Kisame grinned. “We’re all perverts, aren’t we? There’s nothing like some sexual scandal to pique our interest. He likes to have women beat on him, even whip him, while he’s naked. Then he lies down and he eats them out and lets them piss on him. He doesn’t like to use his penis. Maybe he doesn’t have one. I heard he lost one of his nuts in the war, but maybe he got the whole set of tools whacked off.”
“And he wants to be leader of a perfect utopia,” Itachi said.
Uchiha Itachi was Konohao, but he spoke Soundan to Kisame with hardly a hint of accent. Twenty-six years old, Itachi had graduated from Konoha with advanced degrees in Central and Eastern region language and cultural studies. Besides his native tongue, he was fluent in most of the languages.

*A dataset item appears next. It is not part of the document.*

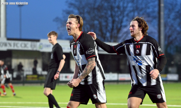 Photo: Jack Varley celebrates scoring Brigg Town's second goal in their 2-1 home win over Worsbrough Bridge Athletic in Saturday's top-five Macron NCEL Division One clash. (Picture: Anna Bäckström)
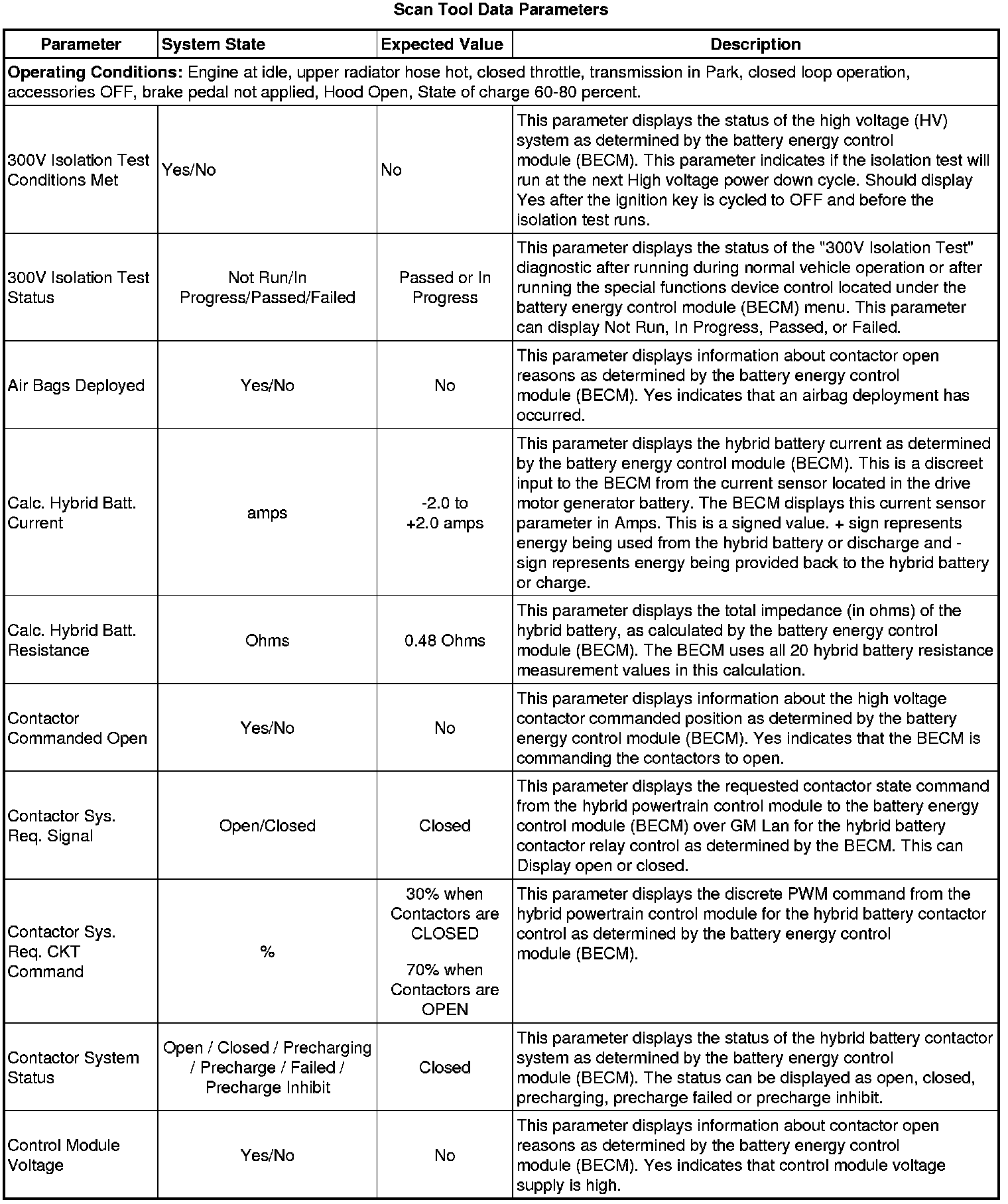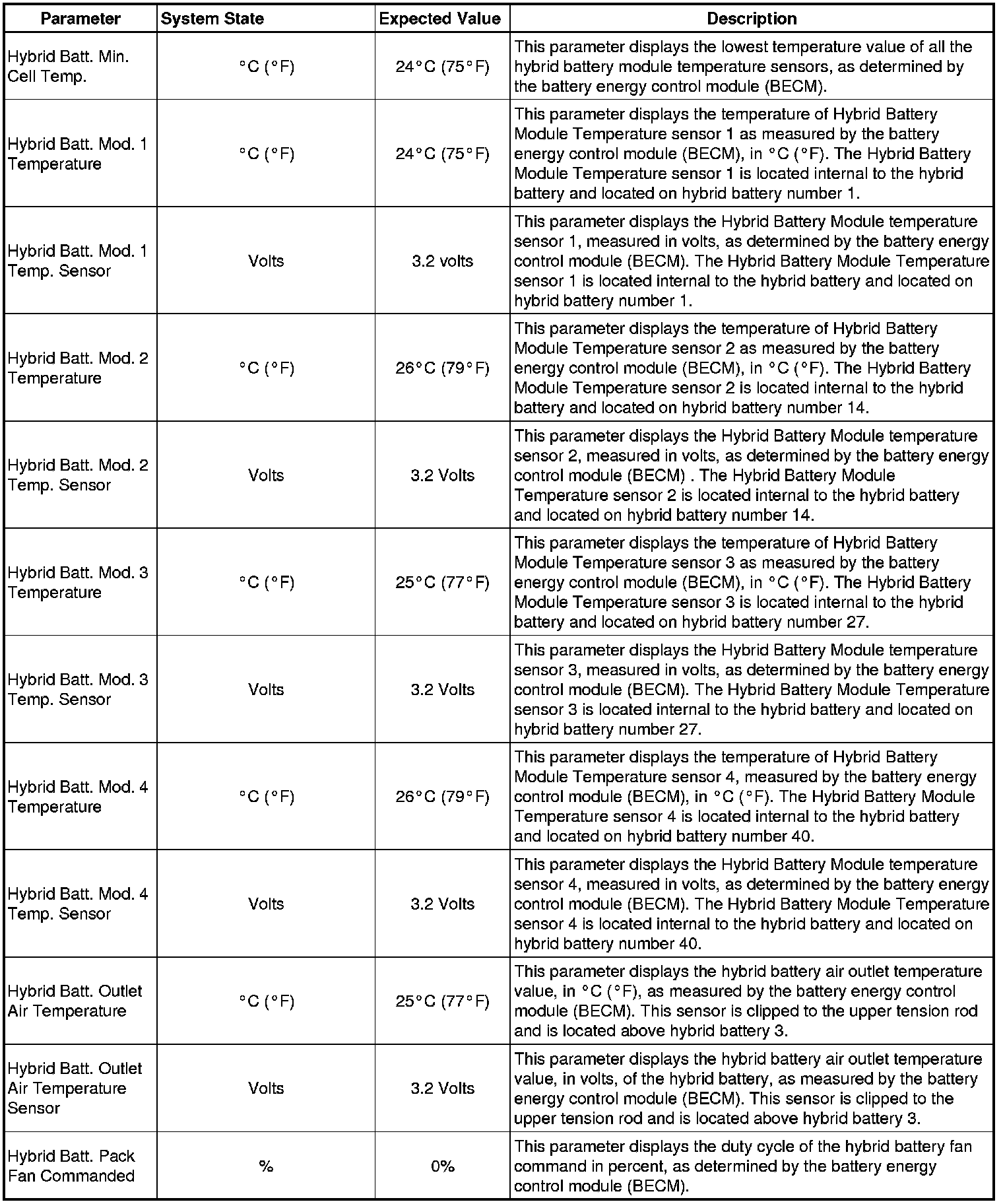 The Drive Motor Generator Battery Control Module Scan Tool Data List contains all Hybrid Battery related parameters that are available on the scan tool. The list is arranged in alphabetical order. A given parameter may appear in any one of the data lists, and in some cases may appear more than once, or in more than one data list in order to group certain related parameters together.

A middle-class “intellectual Yasukist” whose political views were born and nurtured from collegian discussions and philosophical treatises, he had come to Sound to live with a coal-mining family to experience the poverty and suffering of the masses under the capitalistic system he believed enslaved workers.
It was a particularly appalling time economically all over the world. After the first brutal war ended eleven years before, most of the war-ravaged Eastern region had fallen into a terrible economic collapse. The war had brought the demise of the original king of Sound. In the wake of the governmental paralysis came unemployment and spiraling inflation that spawned political chaos. Much of the Eastern region was a boiling cauldron of conflicting ideals as different parties battled in the streets for control of governments and the minds of people.

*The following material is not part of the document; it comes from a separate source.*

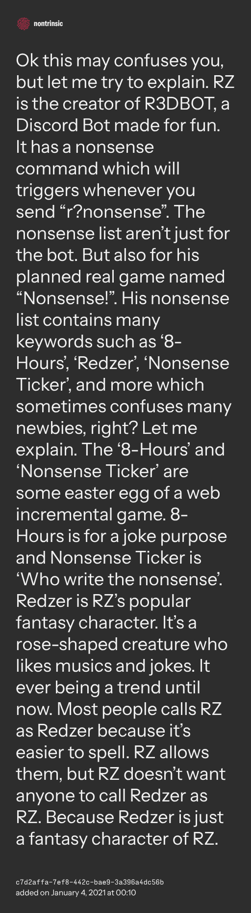 π€ shareOk this may confuses you, but let me try to explain. RZ is the creator of R3DBOT, a Discord Bot made for fun. It has a nonsense command which will triggers whenever you send “r?nonsense”. The nonsense list aren’t just for the bot. But also for his planned real game named “Nonsense!”. His nonsense list contains many keywords such as ‘8-Hours’, ‘Redzer’, ‘Nonsense Ticker’, and more which sometimes confuses many newbies, right? Let me explain. The ‘8-Hours’ and ‘Nonsense Ticker’ are some easter egg of a web incremental game. 8-Hours is for a joke purpose and Nonsense Ticker is ‘Who write the nonsense’. Redzer is RZ’s popular fantasy character. It’s a rose-shaped creature who likes musics and jokes. It ever being a trend until now. Most people calls RZ as Redzer because it’s easier to spell. RZ allows them, but RZ doesn’t want anyone to call Redzer as RZ. Because Redzer is just a fantasy character of RZ.

It was a world of political violence and political confusion-the speaker on the truck called his political party Social Numbers, Sennin for short, despite the fact the part was antisocialist, while his pal in the fire country, got his start in politics by founding a “socialist” newspaper.

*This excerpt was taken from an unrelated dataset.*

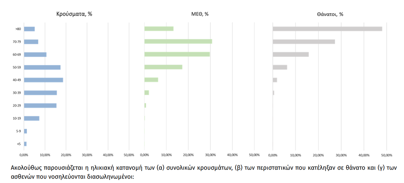 Ακολούθως παρουσιάζεται η ηλικιακή κατανομή των (α) συνολικών κρουσμάτων, (β) των περιστατικών που κατέληξαν σε θάνατο και (γ) των ασθενών που νοσηλεύονται διασωληνωμένοι

Now both men had private armies and engaged in terrorist campaigns against liberals, “left-wingers,” socialists and yasukists, burning down their opponents’ headquarters and terrorizing their supporters with humiliation, beatings, and even murder.
Itachi had not come to the Sound Capital to see the man on the truck speak, but to participate in a march by Sound yasukists. He felt both excitement and fear-with antiyasukists convening in large numbers for the Sennin rally, there was danger of violent confrontation. Although he thought of himself as a soldier for Yasukist, just as some missionaries think of themselves as soldiers for Christ, he was not a man of action, but a thin, medium-build young man with a handsome face, unruly short black hair, kindly red eyes and scholarly gold-rimmed eyeglasses.
The last-and only-fight he had been in had resulted in nary a scratch in the fourth grade. His opponent had a black eye.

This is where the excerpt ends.